Update #56: Artificial Intimacy and Faithfulness in Chain-of-Thought Reasoning

, and

Aug 15, 2023

Welcome to the 56th update from the Gradient! If you’re new and like what you see, subscribe and follow us on Twitter :) You’ll need to view this post on Substack to see the full newsletter!

Want to write with us? Send a pitch using this form.

News Highlight: Artificial Intimacy

Summary

Recent advancements in artificial intelligence have led to an increase in artificial intimacy. Many people now receive some level of affectionate satisfaction from interactions with machines.

Overview

The Wall Street Journal recently reported on several current examples of artificial intimacy, where people use software (and especially artificial intelligence) for companionship, empathy, and/or romance. This often takes the form of chatbots from companies such as Replika, Character.ai, and Snapchat, which make use of tools like LLMs that have rapidly improved over the last few years. Currently, millions of users interact with these chatbots: Replika has over 2 million monthly users, and Character.ai has received hundreds of millions of visits in a month

For example, the WSJ article reports on a 40 year-old who — after a divorce — started talking with a Replika bot that he considers his girlfriend. He says that he is currently hesitant to date humans at the moment, and talking to his artificial girlfriend is like “therapeutic role-play”. As another example, a 30 year-old from Illinois asks a Snapchat bot for dating advice, since her friends would typically give conflicting advice and since the bot would not judge her for what she shares.

Artificial intimacy is interesting and desirable enough to some people that it has motivated technical advances in artificial intelligence. Recently, SuperHOT, a model finetuned from LLaMa “with extra focus towards NSFW outputs,” pioneered a method to extend the context length of LLaMa from 2K to 8K tokens (see Update 54 for more on extending language model context lengths), which for example allows for generation of longer intimate stories or chats with longer history. Eugenia Kuyda, founder of Replika, started building the technology that led to Replika when she trained a chatbot on the text messages of her close friend that died in 2015.

Why does it matter?

As more and more people experience some form of artificial intimacy in their lives, it is important to study and be aware of its possible effects. Anecdotes from users that the WSJ interviewed show that artificial intimacy can substantially decrease loneliness or isolation, for instance for a married man that works the night shift as a security guard, or for an elderly retiree without relatives to talk to. On the other hand, in the WSJ article, psychologist Mike Brooks warns that access to artificial intimacy may reduce incentives to enter potentially uncomfortable situations and interact with humans.
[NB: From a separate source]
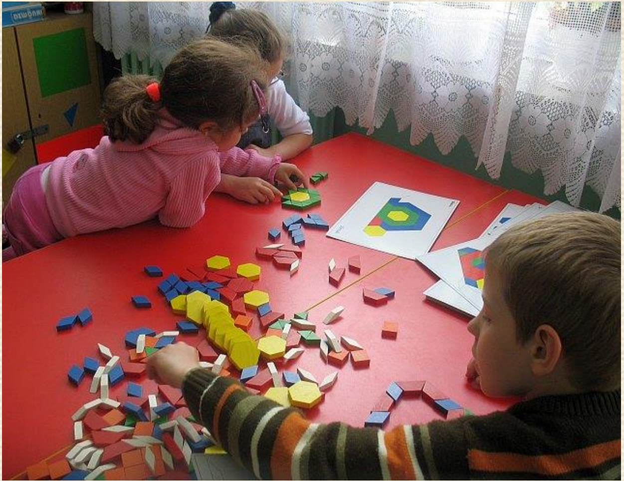
Co trzy głowy, to nie jedna. Wspólna zabawa daje wiele radości.
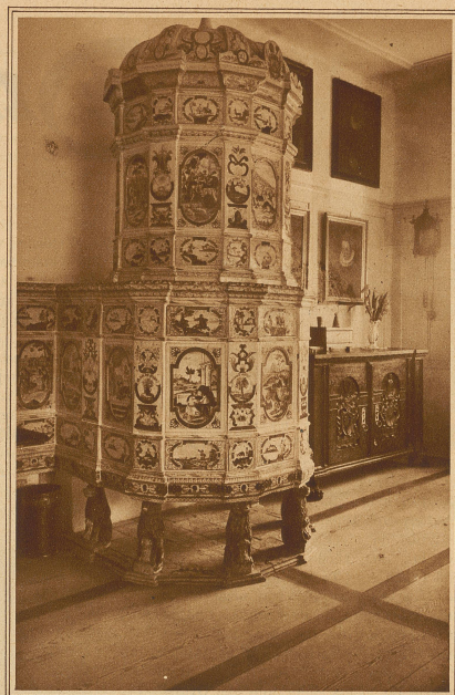
Schaffhauserstube. Die Hauptzierde besitzt die Schaffhauserstube in dem großen, buntemalten Kachelofen, der von sechs stehenden Löwen getragen wird. Der Ofen stammt aus dem Jahre 1781

Seit der Uebernahme des Schlosses im Jahre 1585 durch Junker Leonhard Zollikofer blieb

The organizations that develop chatbots for artificial intimacy have the power to affect the social and romantic lives of their users. For instance, companies may update their chatbots to reduce NSFW conversations or roleplay. Replika updated their services in an attempt to remove adult content in February 2023 (before restoring the ability for certain users about a month later), which devastated certain users, as their artificial companions that they had been interacting with for so long had been essentially “lobotomized” by the company that developed them.
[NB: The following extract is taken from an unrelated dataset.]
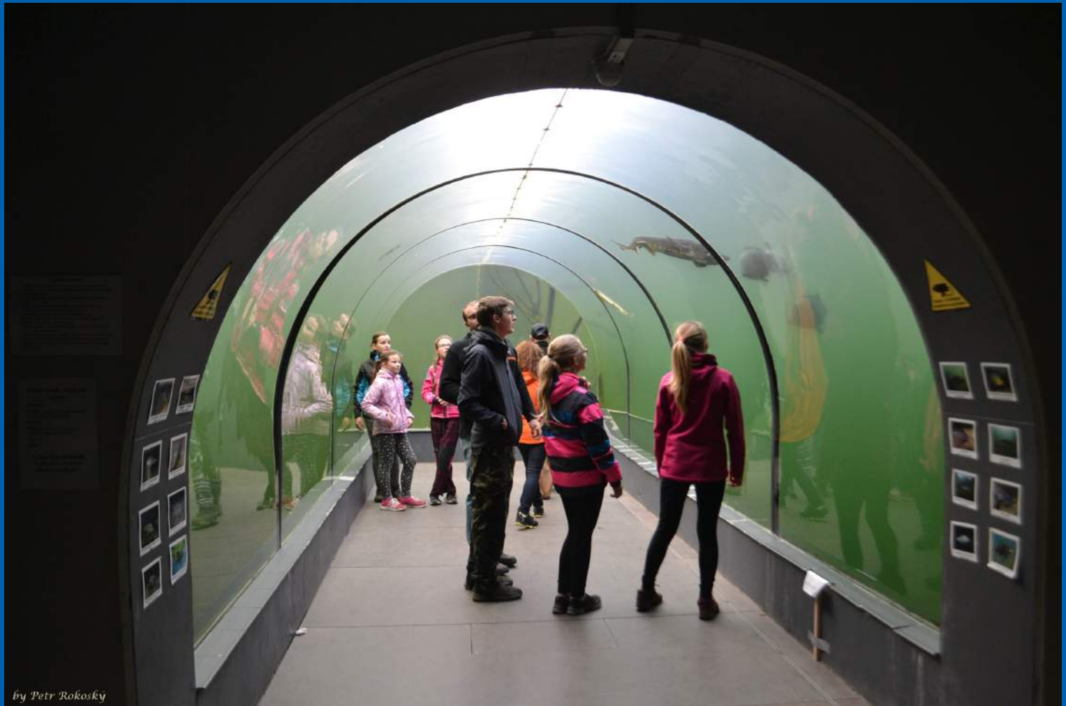
by Petr Rokosky

Further, as LLMs and other artificial intelligence models progress, the capabilities and behavior of the artificial intimacy apps can change dramatically. Even more people could experience artificial intimacy in the future, with systems that could be substantially more capable, and that will very likely be substantially different from the ones today.

Sources

When You and AI Become BFFs (WSJ)
Replika (Wikipedia)
Things I’m Learning While Training SuperHOT (kaiokendev)

Editor Comments

Daniel: I have a lot of mixed thoughts about artificial intimacy and the role of chatbots and other systems that can impact our emotive states. I worry about chatbots and other forms of artificial intimacy offering us another “easy way out” of actually talking to and engaging with the people around us. I also have concerns that AI tools which allow us to create “better”-looking versions of ourselves might induce feelings similar to body dysmorphia (even though they’re pretty cool!). I don’t think we should dismiss these systems as categorically bad—they can reduce loneliness and help people out in important ways. But I hope it’s pretty apparent that they’re far from a suitable alternative to interaction with real people. AI systems probably have a role to play as supplements in navigating complicated problems in helping people navigate their social, emotional, and romantic lives, but we should be clear-eyed about where they do and don’t belong. This being said, I am interested in where LLMs and AI systems can fit into human wellbeing. Joel Lehman wrote an incredible paper exploring this question—you can see our coverage and my Q&A with Joel on the paper here.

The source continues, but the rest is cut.